» **Data**:
^^^^

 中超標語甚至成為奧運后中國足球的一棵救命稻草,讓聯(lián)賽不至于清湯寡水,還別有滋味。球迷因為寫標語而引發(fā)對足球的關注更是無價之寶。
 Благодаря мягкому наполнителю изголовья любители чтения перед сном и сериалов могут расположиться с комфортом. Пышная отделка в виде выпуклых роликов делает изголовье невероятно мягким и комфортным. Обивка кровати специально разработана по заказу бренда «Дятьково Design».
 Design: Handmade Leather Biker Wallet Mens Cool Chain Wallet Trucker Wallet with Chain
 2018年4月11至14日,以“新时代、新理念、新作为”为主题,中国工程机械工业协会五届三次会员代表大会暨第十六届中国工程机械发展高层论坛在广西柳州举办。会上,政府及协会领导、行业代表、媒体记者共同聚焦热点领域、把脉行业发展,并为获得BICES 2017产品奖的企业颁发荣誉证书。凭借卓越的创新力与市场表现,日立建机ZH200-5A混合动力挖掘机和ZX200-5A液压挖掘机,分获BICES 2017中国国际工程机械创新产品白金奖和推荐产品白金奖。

^^^^

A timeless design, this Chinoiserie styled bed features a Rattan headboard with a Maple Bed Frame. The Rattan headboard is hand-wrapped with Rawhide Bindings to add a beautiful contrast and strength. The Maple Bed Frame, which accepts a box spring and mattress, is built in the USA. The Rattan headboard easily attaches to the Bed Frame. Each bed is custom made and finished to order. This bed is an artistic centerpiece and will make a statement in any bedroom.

^^^^

» **Activity**: Within the listing above, give again exactly every line from the line with "Благодаря мягкому наполнителю" through the line with "Design: Handmade Leather", both included, and no other line.

» **Exercise solution**:
 Благодаря мягкому наполнителю изголовья любители чтения перед сном и сериалов могут расположиться с комфортом. Пышная отделка в виде выпуклых роликов делает изголовье невероятно мягким и комфортным. Обивка кровати специально разработана по заказу бренда «Дятьково Design».
 Design: Handmade Leather Biker Wallet Mens Cool Chain Wallet Trucker Wallet with Chain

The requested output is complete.